아키텍처 변형: DeiT, Swin 및 BEiT

원래 ViT는 막대한 양의 데이터(JFT-300M, 3억 개의 이미지)가 필요했습니다. CNN을 능가합니다. 이러한 제한으로 인해 보다 데이터 효율적인 변형이 개발되었습니다.

모델	년도	주요 혁신	ImageNet 상위 1위	매개변수
ViT-B/16	2020	첫 번째 ViT, JFT-300M 필요	81.8%	86M
데이티비(DeiT-B)	2021	CNN 교사의 증류, ImageNet에만 해당	83.1%	87M
스윈-B	2021	Shifted Window Attention, 계층적	85.2%	88M
BEIT-L	2022년	마스크된 이미지 모델링(비전용 BERT)	87.4%	307M
데이트 III-H	2022년	고급 훈련 레시피	87.7%	632M
ViT-G (EVA)	2023년	1B 매개변수로 확장, CLIP 사전 훈련	89.6%	1.0B

DeiT(데이터 효율적인 이미지 변환기) Facebook AI 및 아마도 변형 연습에 가장 중요한 것: 증류 토큰 배울 수 있게 해주는 것 RegNet 또는 ConvNext와 같은 CNN 교사로부터 ImageNet-1K만으로 탁월한 성능을 얻습니다.
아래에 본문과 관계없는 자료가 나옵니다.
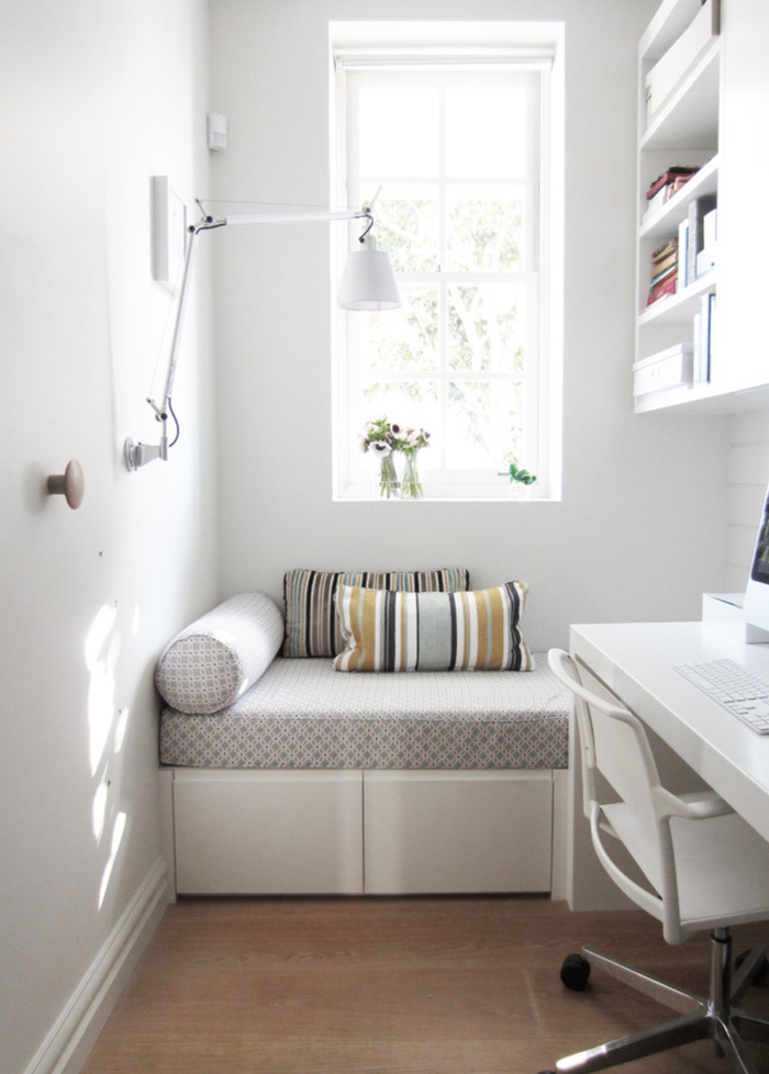 Окна небольшого размера дизайнеры и декораторы часто предпочитают оставлять их полностью открытыми, ничем не завешивая. Подобный вариант будет действительно хорош для комнаты со светлыми нейтральными стенами: тогда окно не привлечет внимания к своей форме. Огромный плюс — большое количество естественного света, беспрепятственно поступающего в комнату.

스윈 트랜스포머 주의력의 2차 복잡도 문제를 해결합니다. 소개하는 ShiftedWindows: 관심은 로컬 창 내에서 계산됩니다. 전체 이미지에 대한 것이 아니라 이미지에 대한 선형 계산 비용이 발생합니다. 스윈 CNN과 같은 계층적 표현을 생성하며 탐지를 위해 선호되는 백본입니다. 그리고 세분화.

ViT 사전 훈련 미세 조정

프로덕션에서 ViT를 사용하는 가장 실용적인 방법은 사전 훈련된 모델에서 시작하는 것입니다. ImageNet-21K를 사용하고 데이터세트를 미세 조정하세요. Hugging Face Transformers는 다음과 같은 모든 기능을 제공합니다. 통일된 API를 갖춘 핵심 ViT 모델.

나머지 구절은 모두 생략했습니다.